BASEBALL; Say Hey, Say Goodbye as Bonds Ties Mays at 660

By VITTORIO TAFUR
Published: April 13, 2004

It was a great day for Barry Bonds before he hit home run No. 660 into the water beyond the right-field brick wall on Monday. After being booed and taking his lumps in Houston and in San Diego, Bonds returned home and was showered with love. Not only from his family, but from his fans.

The SBC Park capacity crowd of 42,548 gave Bonds two standing ovations before the home opener started. The third standing ovation came in the fifth inning, when Bonds turned on a 3-1 inside fastball from Milwaukee's Matt Kinney and hit a 442-foot home run that tied his godfather, Willie Mays, for third on baseball's career home run list. Everyone at SBC Park knew the ball was gone the second he hit it, and Bonds immediately threw up his arms and let out a big sigh.

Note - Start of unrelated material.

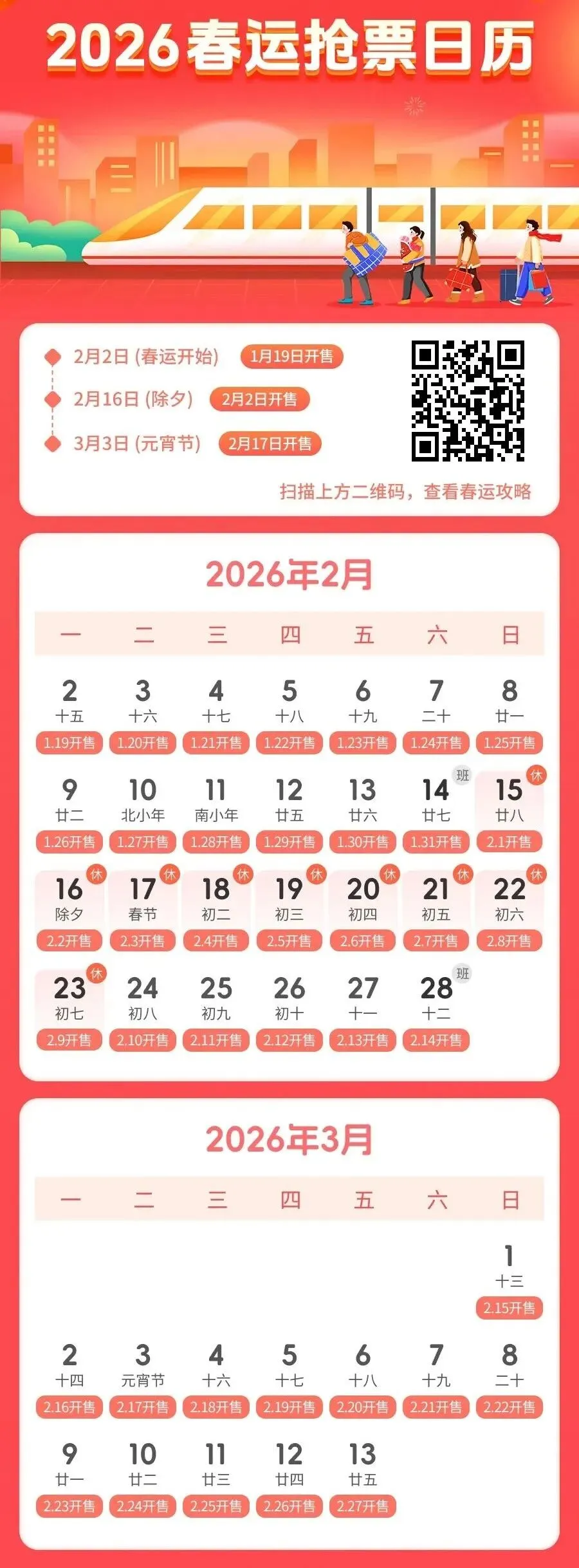 春运期间的车票售出较快,大家记得提前看好对应车票提前准备购买,春运期间抢票日历:

''It is great to be home,'' Bonds said after the Giants' 7-5 victory. ''This is the best feeling right now, the icing on the cake. It was like a weight was lifted off of my shoulders.''

The three-run homer gave San Francisco a 5-4 lead, and Bonds finished the day 3 for 3 with four runs batted in and a walk.

''They gave him one pitch all day that he could pull, and the big guy was ready for it,'' Giants Manager Felipe Alou said.

Bonds had 24 at-bats since his last homer, last Monday at Houston, a drought of sorts that kept Mays on his first road trip in 30 years. Mays had wanted to present Bonds with a shiny torch that he received when he ran a leg in the 2002 Olympics torch run and embellished with diamonds that said 660 and 661. He watched the games in Houston and San Diego on television from the equipment rooms in the visiting clubhouse.

On Monday, he saw the blast from the Giants' equipment room, grabbed his torch, met Bonds five feet from the dugout and passed it to him. Mays held it while the two posed for photographs and soaked up another round of applause as the game was interrupted.

The homer was Bonds's fourth in five home openers here.

Bonds was first applauded when the lineups were announced, then again when Wayne Gretzky and Bill Russell presented Bonds with his sixth Most Valuable Player award. Gretzky and Bonds are two of the four athletes in the four major pro sports to win six M.V.P. awards, along with Gordie Howe and Kareem Abdul-Jabbar. Russell, the star center with the Boston Celtics and the University of San Francisco, won five.

''Barry is one of the great athletes of all time,'' Gretzky said.

Russell was close friends with Bonds's father, Bobby, and said that he wanted to honor both.